■ How to complete this task: Would you print exactly the lines that begin the listing and continue through the line holding "8魏邢巒至漢中‹陕西省汉中市"? No pictures, please.

■ Extracted data:
======

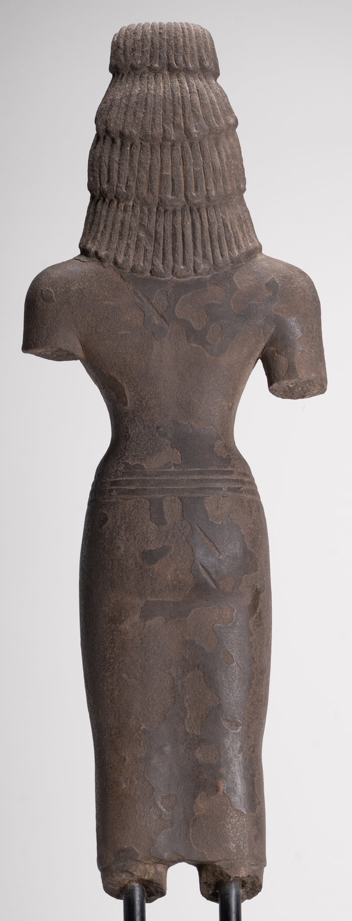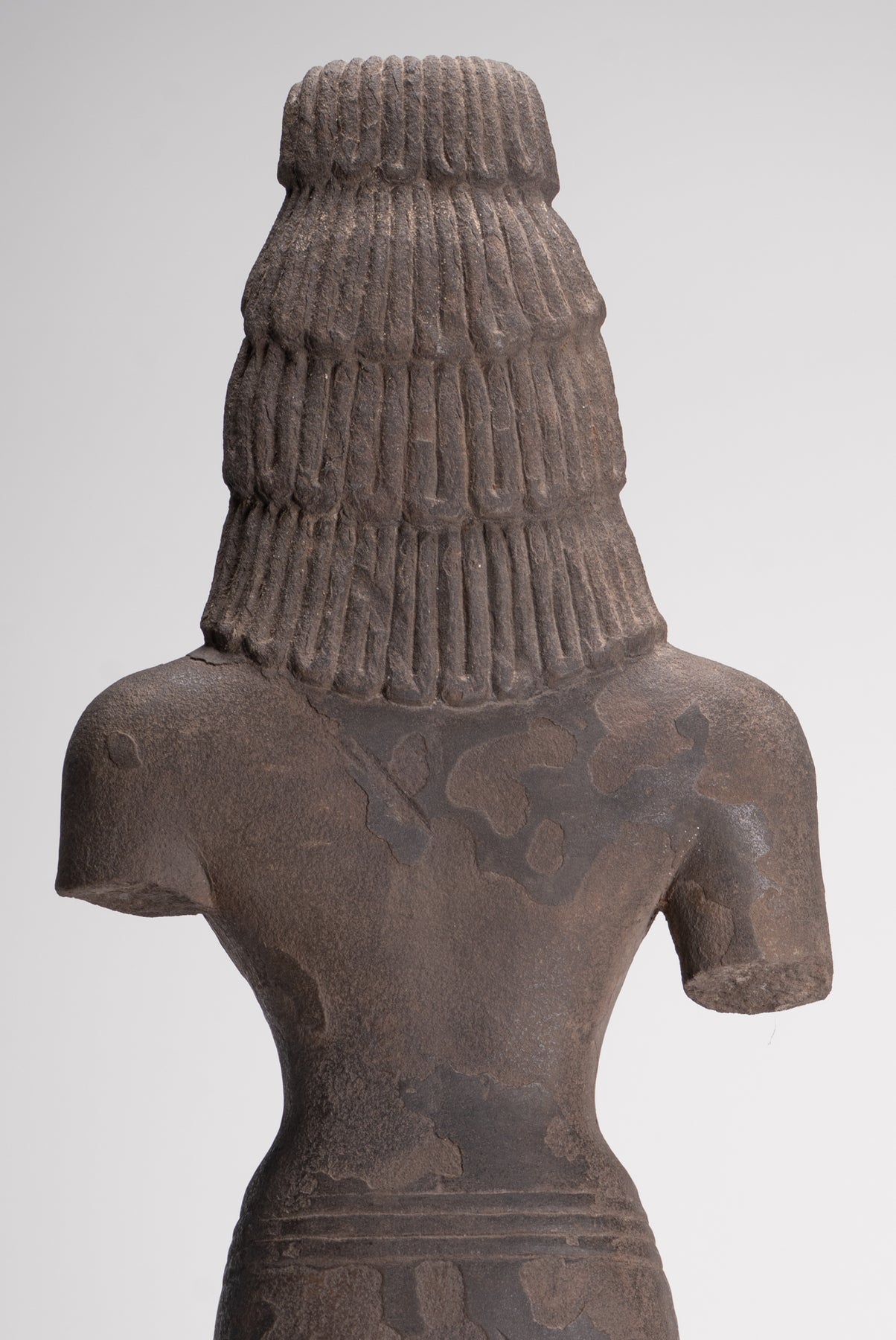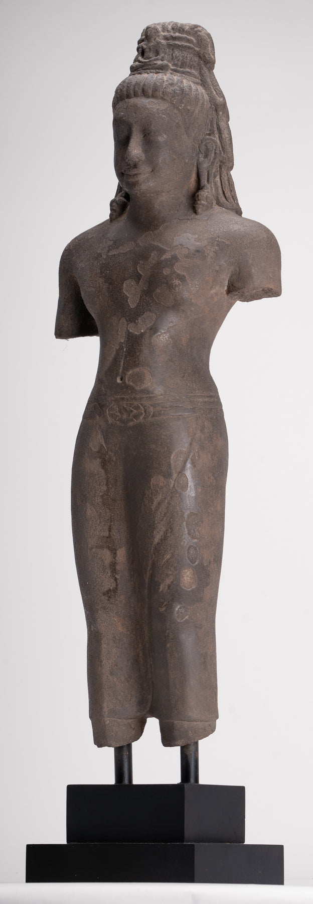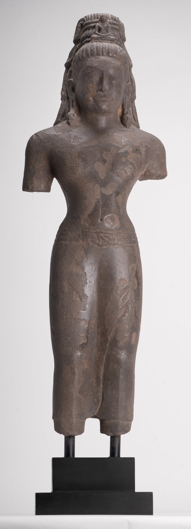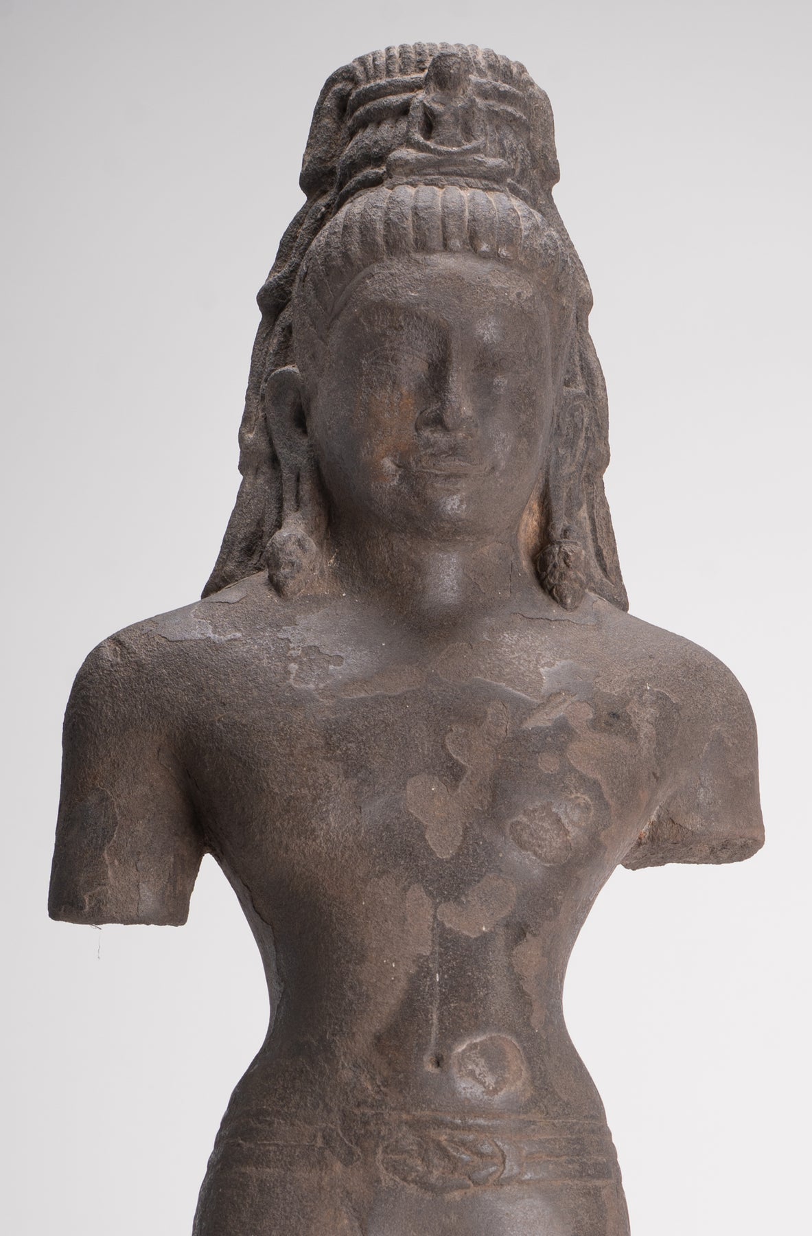 Here, the bodhisattva of compassion is shown with an ascetic’s refinement, dressed in a simple waistcloth secured with a cord, the incised folds following the contours of the torso. The cult of Avalokiteshvara assumed special prominence in Mahayana Buddhism during this period and, having developed in India, was soon embraced by Buddhist communities across Southeast Asia.
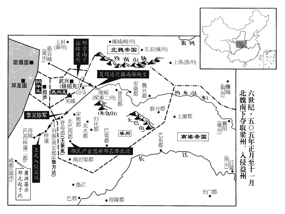 8魏邢巒至漢中‹陕西省汉中市›,擊諸城戍,所向摧破。晉壽‹四川省广元市西南›太守王景胤據石亭‹四川广元市北›,水經註:漢水自武興城北西南流,逕關城北,又西逕石亭戍,又逕晉壽城西。巒遣統軍李義珍擊走之。魏以巒為梁、秦二州‹府南郑›刺史。巴西‹北巴西郡·四川省阆中市›太守龐景民據郡不下,龐,皮江翻。郡民嚴玄思聚眾自稱巴州刺史,附於魏,攻景民,斬之。楊集起、集義聞魏克漢中而懼,閏月,帥群氐叛魏,斷漢中糧道,帥,讀曰率。斷,丁管翻。巒屢遣軍擊破之。
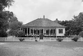The name "Cherokee" started as a nickname given by the slaves, for the large hedges of Cherokee roses that were surrounding the property.[4] The complex included 3 old barns, a slave cabin, and a "log crib".[4] The plantation grew primarily cotton, as well as indigo, sugarcane, corn, and tobacco.[4] By 1860, Sompayrac had owned 65 enslaved people.[8][4]
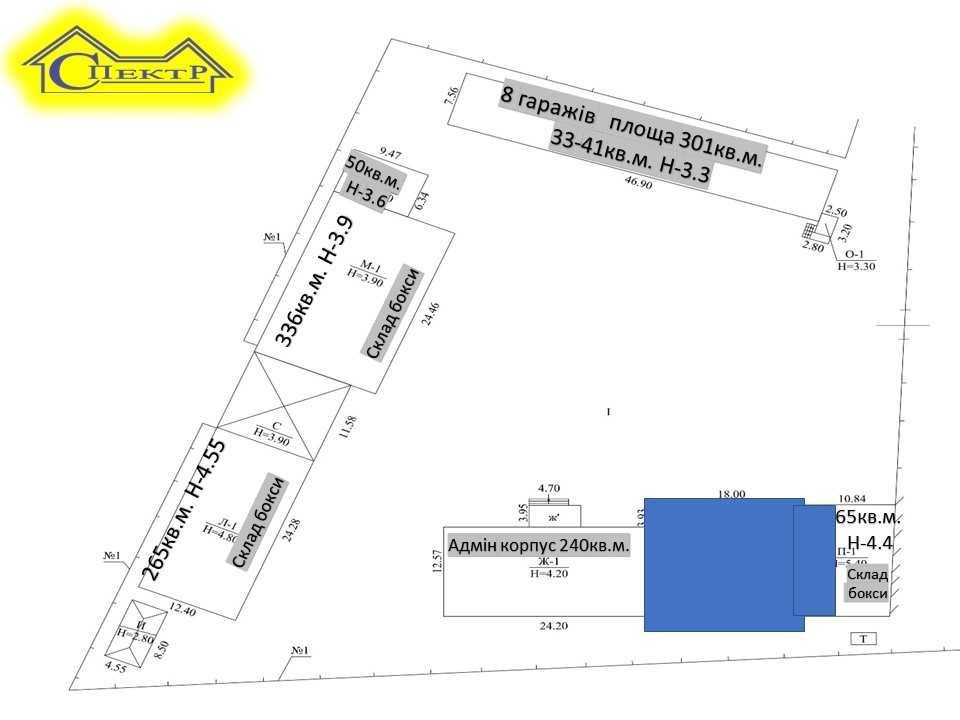 Комплекс має складські приміщення(Бокси), офісні, гаражі .
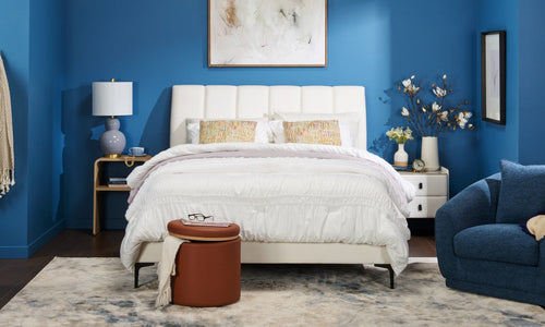 Deep blue walls meet crisp white bedding for a bedroom that’s both striking and serene.
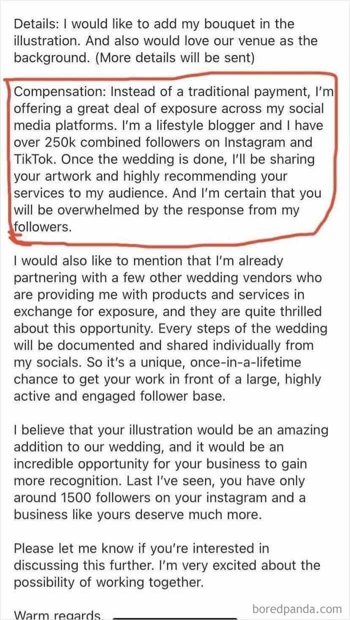 #14 Influencer Bride-To-Be Begging For A Free Artwork
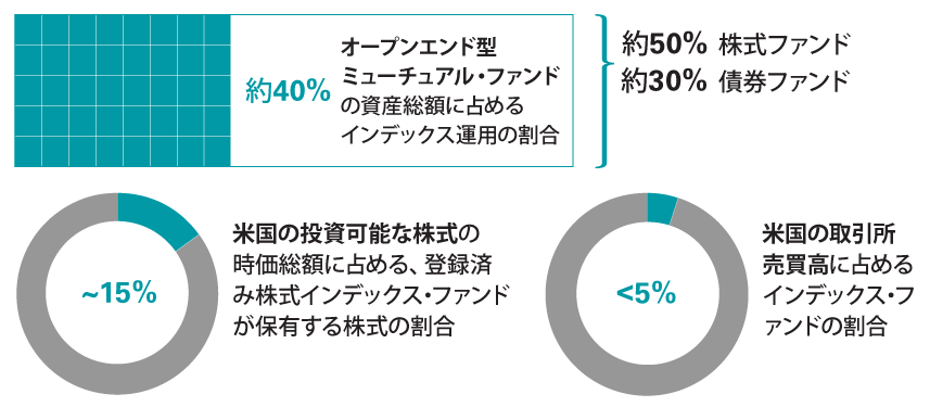 現在、米国のミューチュアル・ファンドに占めるインデックス運用の割合は40%に満たず、多くの投資家がポートフォリオの手数料を払い過ぎている可能性があります。また、米国株式市場の時価総額に占めるインデックス・ファンドの割合はわずか15%です。さらに、インデックス・ファンドは典型的な長期保有投資であるにもかかわらず、米国の証券取引所の売買高の5%にも達していません。したがって、インデックス運用は一般的に考えられているほど大規模とは言えません。
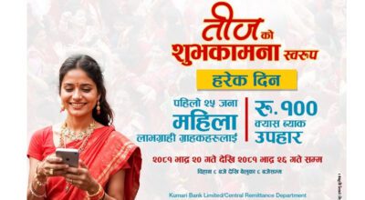 काठमाडौं । नेपाल एसबिआई बैंक र बुद्ध एयरबीच टिकटमा छुट दिने सम्बन्धी सम्झौता भएको छ । सम्झौताअनुसार बैंकका डेबिट कार्ड र मोबाइल बैंकिङ सेवा प्रयोगकर्तालाई
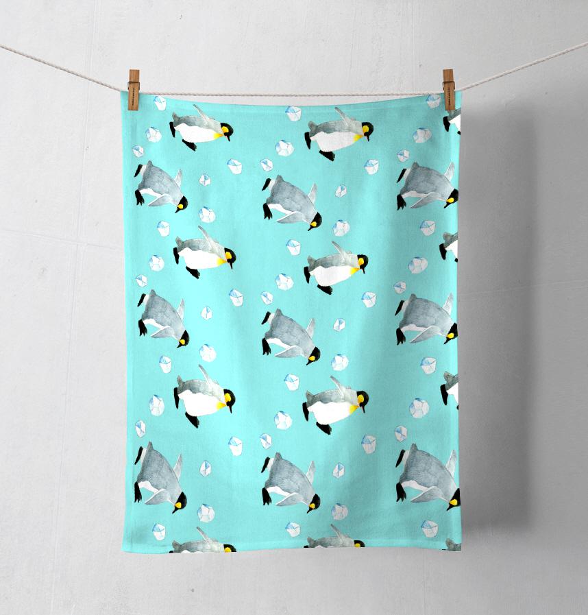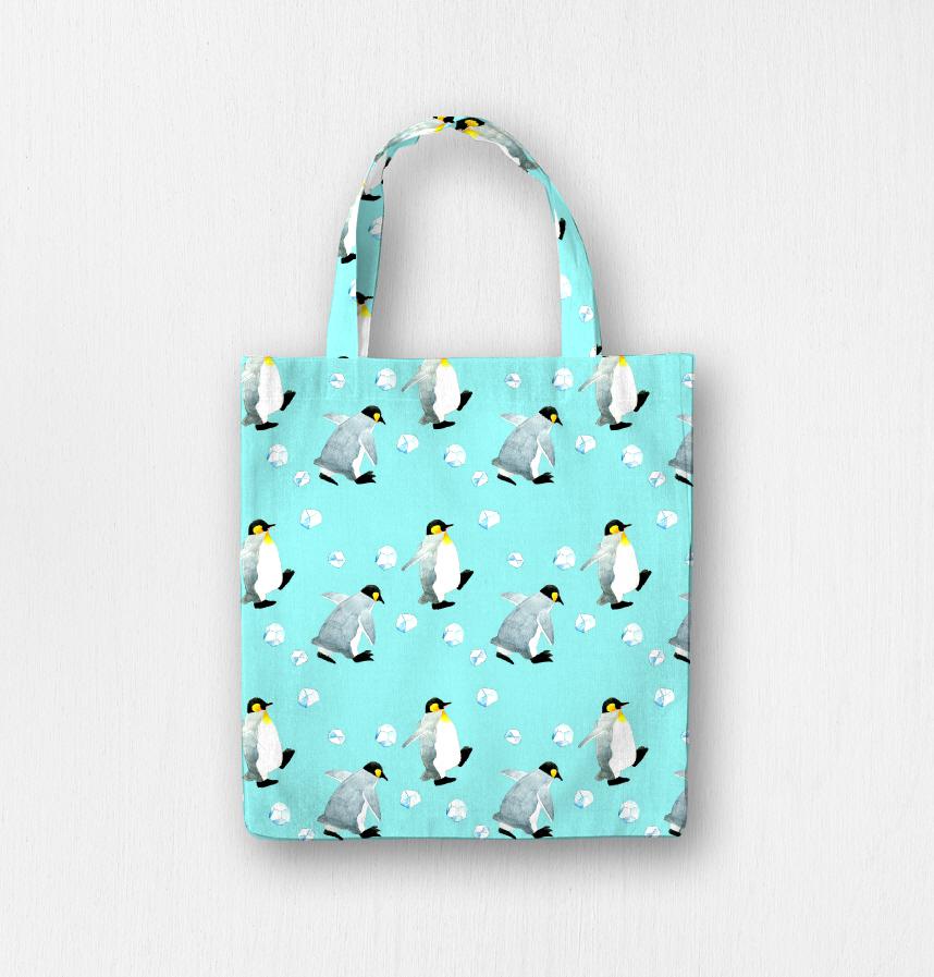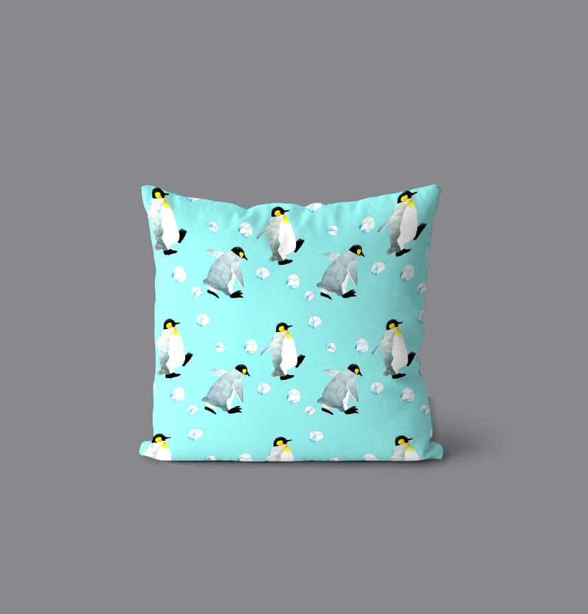 パターン説明 水彩イラストで描いた、歩くキングペンギンのパターンです。
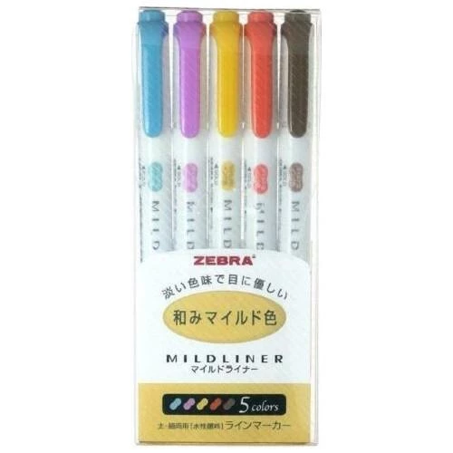 • Zebra Mildliner Çift Taraflı İşaretleme Kalemi – 5li Set Kalın ve ince çizgi için çift taraflı kullanım
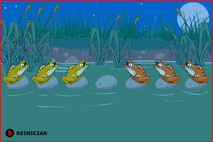 Логическая головоломка на смекалку: Расставь лягушек --- Задача: Поменять лягушек местами, коричневых - налево, зеленых - направо. Лягушки прыгают только вперед - на следующую кочку или через одну кочку в зависимости от наличия свободных

======

■ Expected answer:
 Here, the bodhisattva of compassion is shown with an ascetic’s refinement, dressed in a simple waistcloth secured with a cord, the incised folds following the contours of the torso. The cult of Avalokiteshvara assumed special prominence in Mahayana Buddhism during this period and, having developed in India, was soon embraced by Buddhist communities across Southeast Asia.
 8魏邢巒至漢中‹陕西省汉中市›,擊諸城戍,所向摧破。晉壽‹四川省广元市西南›太守王景胤據石亭‹四川广元市北›,水經註:漢水自武興城北西南流,逕關城北,又西逕石亭戍,又逕晉壽城西。巒遣統軍李義珍擊走之。魏以巒為梁、秦二州‹府南郑›刺史。巴西‹北巴西郡·四川省阆中市›太守龐景民據郡不下,龐,皮江翻。郡民嚴玄思聚眾自稱巴州刺史,附於魏,攻景民,斬之。楊集起、集義聞魏克漢中而懼,閏月,帥群氐叛魏,斷漢中糧道,帥,讀曰率。斷,丁管翻。巒屢遣軍擊破之。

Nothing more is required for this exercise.